Another surprising finding of this work is that this method is also among the best at identifying image copies, even though it was not designed for this. DINO-based models could potentially become the standard for copy detection systems used to identify misinformation and copyright infringement.
As noted above, we’ve also developed a new approach, called PAWS, that achieves better classification accuracy than previous state-of-the-art self-supervised and semi-supervised approaches while performing up to an order of magnitude (4x to 12x) fewer training epochs. For example, when training a ResNet-50 model on the ImageNet data set, with roughly only 13 labeled examples of each class, PAWS significantly surpasses the previous state-of-the-art after only 100 epochs of training (12x less than the previously best method), and sets a new state-of-the-art of 66 percent top-1 after only 200 epochs, which is a +6 percent improvement over the previously best method.
PAWS builds on self-supervised learning approaches like SwAV, but in contrast to self-supervised methods, PAWS achieves these results by leveraging a small amount of labeled data in conjunction with unlabeled data. Similar to self-supervised approaches, the focus during pretraining is to train a neural network to map images to latent representations. Given an unlabeled training image, we generate two or more views of the image using random data augmentations and transformations, and we train the neural network to make the representations of these views similar to one another.
Unlike self-supervised methods that directly compare the representations, PAWS uses a random subsample of labeled images to assign a (soft) pseudo-label to the unlabeled views. The pseudo-labels are obtained by comparing the representations of the unlabeled views with representations of labeled support samples, and then the model is updated by minimizing a standard classification loss, like cross-entropy, between the pseudo-labels of pairs of views of the same unlabeled image. Since it does not directly optimize prediction accuracy on the labeled samples, PAWS is much less prone to overfitting than other semi-supervised approaches. At the same time, by leveraging a small amount of labeled data in this way, PAWS trains significantly faster than typical self-supervised methods. Furthermore, in PAWS we form predictions for the positive and anchor view in slightly different ways, sharpening the target prediction, and as a consequence, PAWS is guaranteed to not learn “collapsing representations,” where all images get mapped to the same representation — a common issue for self-supervised methods.

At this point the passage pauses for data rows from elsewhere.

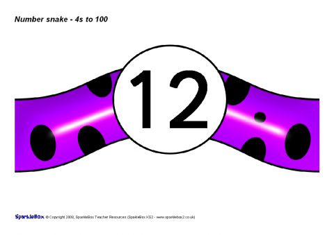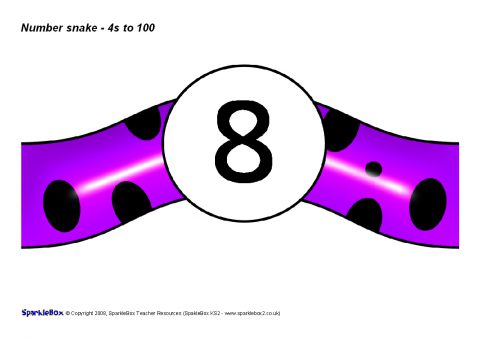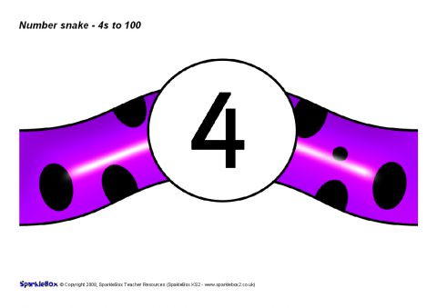 Assemble these snake segments in your classroom to show numbers in 4s up to 100. A fun and colourful means of reinforcing the 4 times table. Each segment is A4 sized but can be printed smaller using Adobe Reader’s ‘page scaling’ function if needed.
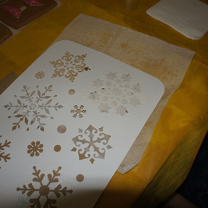 Заднюю стенку домика украшали с помощью трафарета. Быстро и просто)))
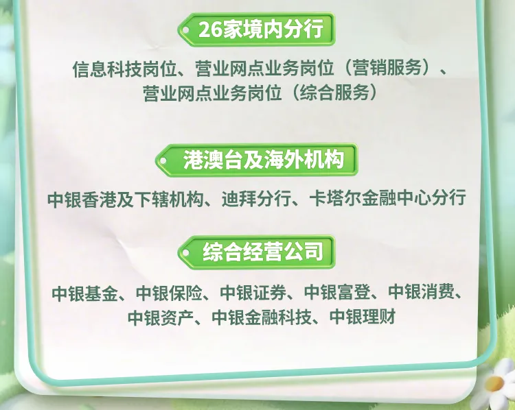 【校园招聘】中国银行2026年春季招聘和实习生招聘同步启动!

The need for human annotation is usually a bottleneck in the development of computer vision systems. By making our approaches more annotation-efficient, we allow models to be applied to a larger set of tasks and potentially scale the number of concepts they can recognize. Learning with limited supervision is also important for domains where there are few annotated images, like in medical imaging.
We hope that reducing the computation requirements of self-supervised and semi-supervised approaches will increase their adoption and stimulate further research in this area. In the spirit of collaboration and open science, we are publishing our work, and the associated source-code will be released.